There are several reasons for the growth of these open source systems, one of which is the way it allows different people in different areas to effectively work together. When companies share their work and allow others to contribute, the result is outside eyes finding new holes and new possibilities. Deep learning technology owes a lot to big players like Google and Facebook, who actively give their data and resources back to the community. Technology appears to develop very quickly, but it is not an instantaneous process. If companies were to attempt to tackle big data software on their own, with no input or help from open-source softwares, it would be a painfully slow process. There is a serious need to keep up with the times, and big data is a rapidly growing field. One study from McKinsey highlights the shortage of talent in the data science field at length, noting that data science jobs in the United States will exceed 490,000 by 2018, but there will be fewer than 200,000 scientists to fill those jobs. This does not effect only the smaller businesses looking to keep up with the times, but major investors that could change the course of business at large. Companies are looking to rapidly expand their data science departments and usages, but the talent pool and technology is not yet there. Open sourcing that data and technology at least eases the burden, and allows companies to move forward at an even pace.
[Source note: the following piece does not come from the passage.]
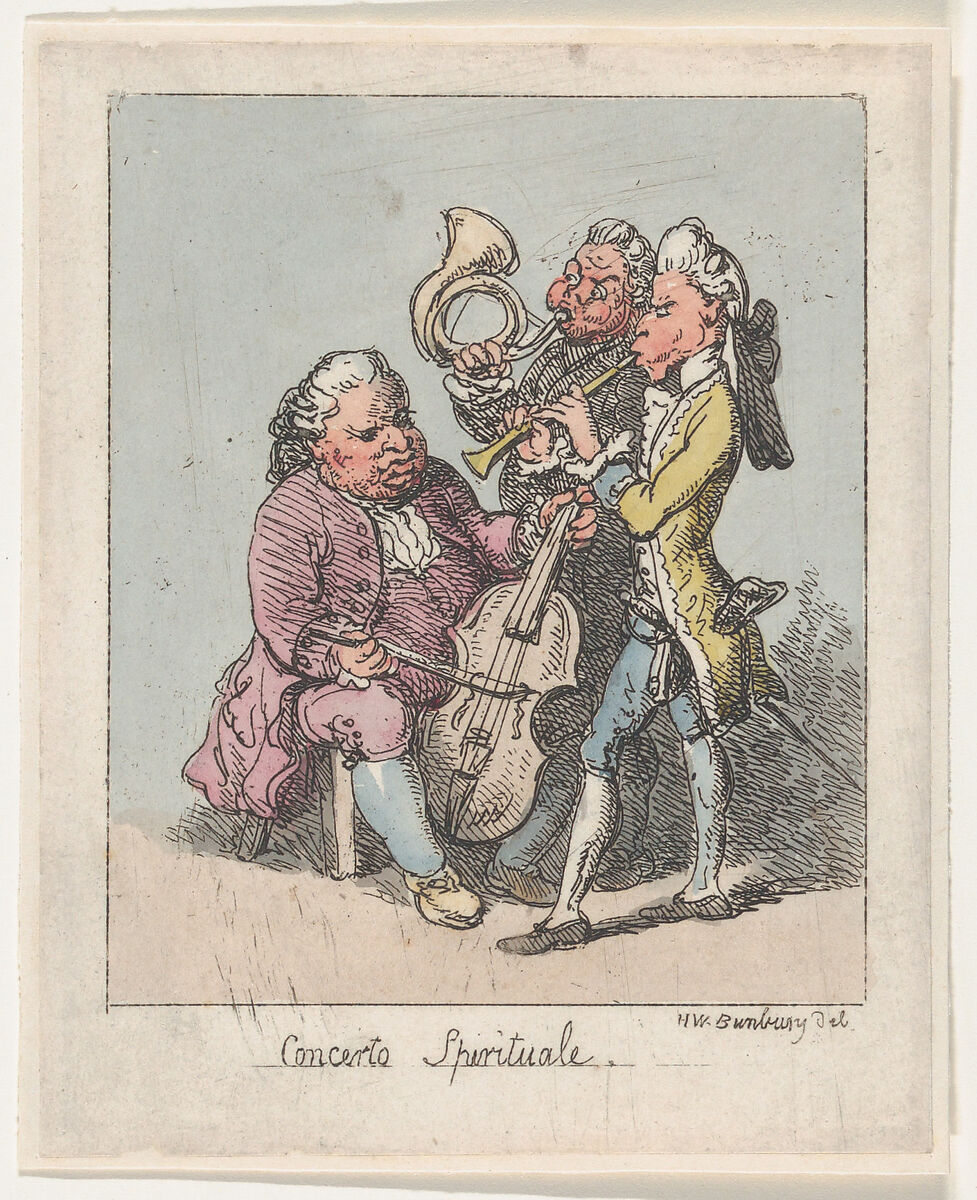 This early 19th century print reissues an image first published in 1773, a decade when concerts of religious music were performed regularly at the Theatre Royal, Covent Garden. The viol da gamba player likely represents Carl Friedrich Abel, or possibly Johann Christian Bach. The oboe player has been identified as Johann Christian Fisher, and the French horn player as Giovanni Punto (born Jan Stich). These men came to London from the Continent hoping to take advantage of the patronage of George III–the British king was also prince-elector of Hanover, married Charlotte of Mecklenburg-Strelitz, and enjoyed German music.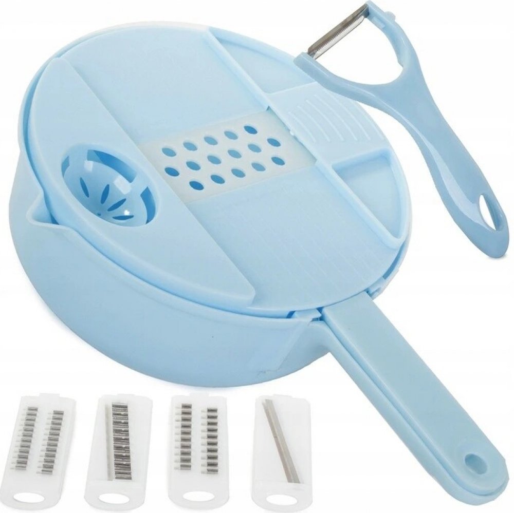 Multifunkční kráječ 8v1 vás nadchne svou praktičností. Celkem 8 funkcí, které využijete při běžném domácím vaření. Krájení zeleniny na plátky, strouhání, drcení, oddělování žloutku od bílku, tření česneku. Sada obsahuje pět výměnných čepelí a škrabku. Miska má výlevku a funguje také jako cedník při omývání ovoce nebo zeleniny.

Community also means that users have the chance to ask questions and get helpful answers. Instead of going into a tailspin when a problem arises, a user will likely find several others in the community who have the answer, or, more likely, know how to find it. Creative open-source users also tend to look for ways to work economically and save money. They are likely to find or tweak inexpensive hardware, whereas a major software company with a monopoly may push users to buy very specific and expensive gear.
SMALLER BUSINESSES
Once companies move to put their data to use, they often find themselves in a “data lake.” Without the proper resources, or, for smaller companies, the funds to harness them, data is absolutely useless. If a small company were to pay for every bit of software (and education) required to use data, there would be a much smaller incentive to try to integrate big data into the work place. Open source, however, has that “try before you buy” mentality. For companies like Talend, who offers products based on open source software, potential customers are often familiar and comfortable with the open-source aspects of products. Those who stick to open-source software also get the chance to try before buying into the entire big data scheme. New users can take a chance on data with little risk. Experts can move between different solutions with relative ease.
Talend’s CEO, Mike Tuchen, even told InfoWorld that “the entire next-generation data platform will be open source,” which means gains for open-source companies and those who build upon then. “It’s the new normal,” he says. Even education in the area supports the “open-source” community by very often remaining free. While university degrees will certainly prove useful, many businesses and programmers are simply looking for further education on big data topics to add to their arsenal. Free online courses in data are abundant and programs from Udactiy, Big Data University, and others are trying to fill the gap between data science wannabes and users. Even Google held a free course on how to use data.
PROOF OF FUNCTION
The incredible growth experienced by open source programs is the real proof that it is the future of data. Companies powered in part by Hadoop include Amazon, Facebook, and even IBM. The companies who are making great strides with data are the ones also pushing open source. This proves not only their effectiveness, but shows where finances in data is headed, and just where companies are placing their eggs. Further proof comes from none other than Russia, where companies are changing their mind about open source. Whereas data scientists once shunned full-scale use of open source big data technology, they are now turning the other direction. According to Computer Weekly, smaller companies are now turning to opensource solutions, and larger companies, including Russia’s home grown search company Yandex are in the business of paying close attention to Hadoop solutions and developments, to make sure they don’t get left behind.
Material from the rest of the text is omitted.